- _Task statement_:
Retype the data below exactly, skipping pictures.

Segment Start: Available data

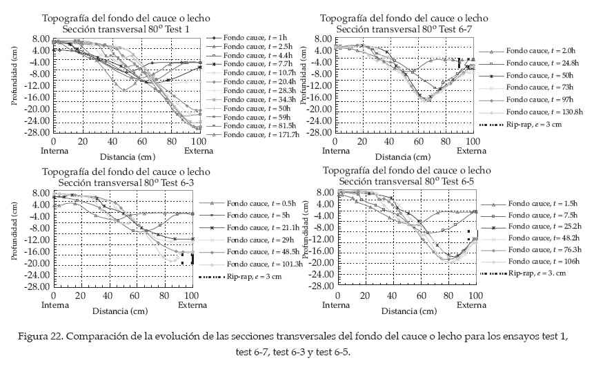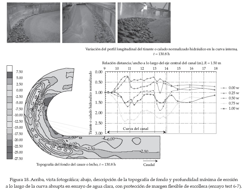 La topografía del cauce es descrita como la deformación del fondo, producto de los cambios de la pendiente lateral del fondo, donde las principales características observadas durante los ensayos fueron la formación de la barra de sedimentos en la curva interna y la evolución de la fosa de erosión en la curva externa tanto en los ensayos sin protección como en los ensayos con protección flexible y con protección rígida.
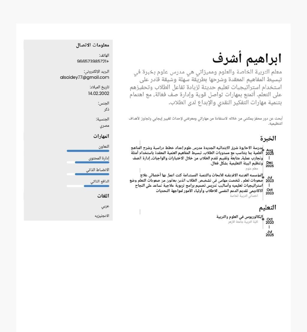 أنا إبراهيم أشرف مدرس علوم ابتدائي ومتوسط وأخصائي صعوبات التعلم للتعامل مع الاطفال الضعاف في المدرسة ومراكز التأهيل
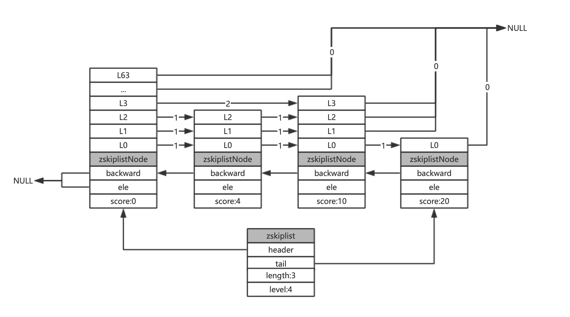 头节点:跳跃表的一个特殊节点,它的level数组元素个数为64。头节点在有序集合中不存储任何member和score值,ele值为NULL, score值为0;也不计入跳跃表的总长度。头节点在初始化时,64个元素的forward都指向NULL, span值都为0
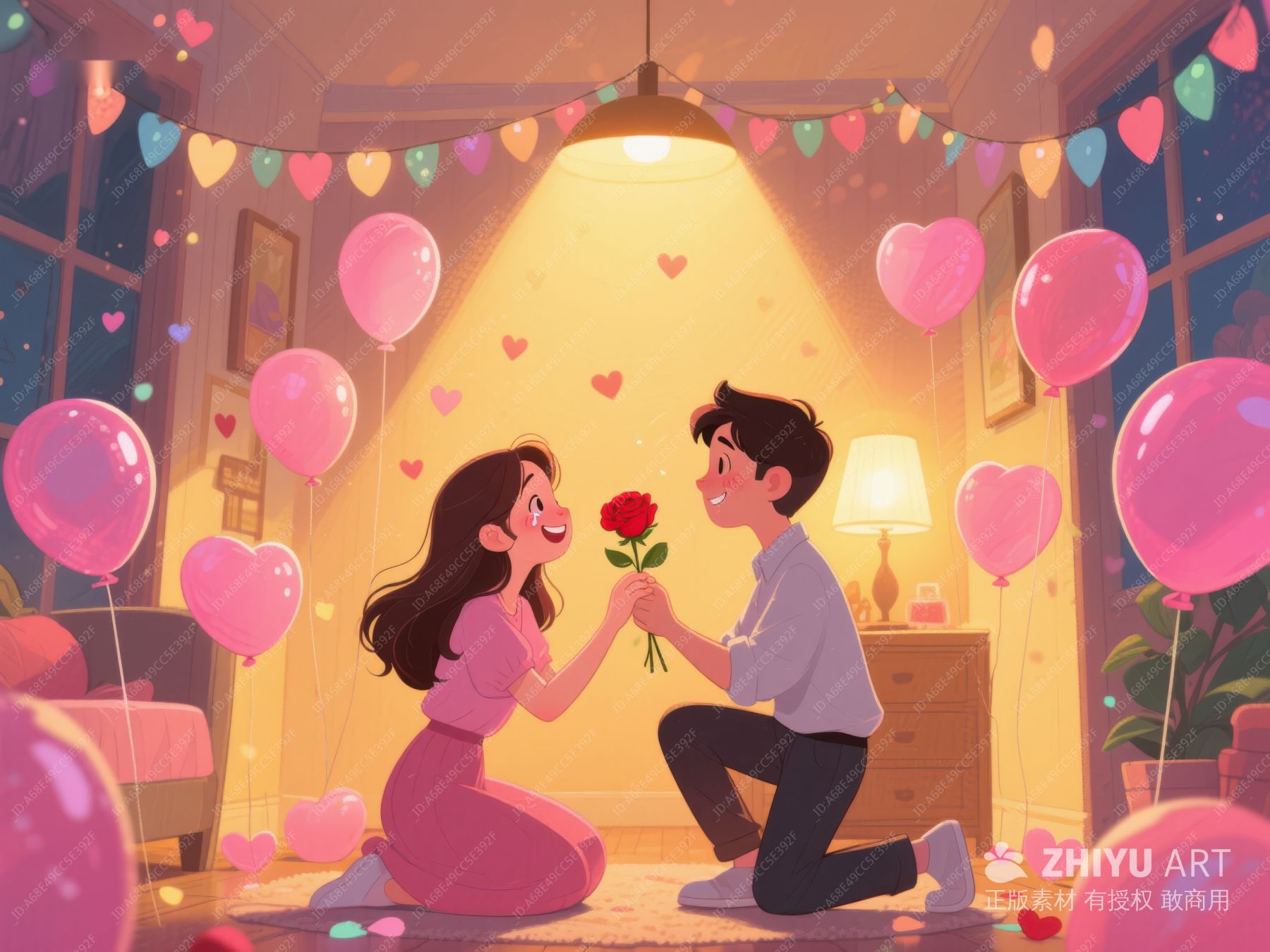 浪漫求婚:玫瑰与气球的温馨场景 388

Segment End: Available data

- _Worked solution_:
 La topografía del cauce es descrita como la deformación del fondo, producto de los cambios de la pendiente lateral del fondo, donde las principales características observadas durante los ensayos fueron la formación de la barra de sedimentos en la curva interna y la evolución de la fosa de erosión en la curva externa tanto en los ensayos sin protección como en los ensayos con protección flexible y con protección rígida.
 أنا إبراهيم أشرف مدرس علوم ابتدائي ومتوسط وأخصائي صعوبات التعلم للتعامل مع الاطفال الضعاف في المدرسة ومراكز التأهيل
 头节点:跳跃表的一个特殊节点,它的level数组元素个数为64。头节点在有序集合中不存储任何member和score值,ele值为NULL, score值为0;也不计入跳跃表的总长度。头节点在初始化时,64个元素的forward都指向NULL, span值都为0
 浪漫求婚:玫瑰与气球的温馨场景 388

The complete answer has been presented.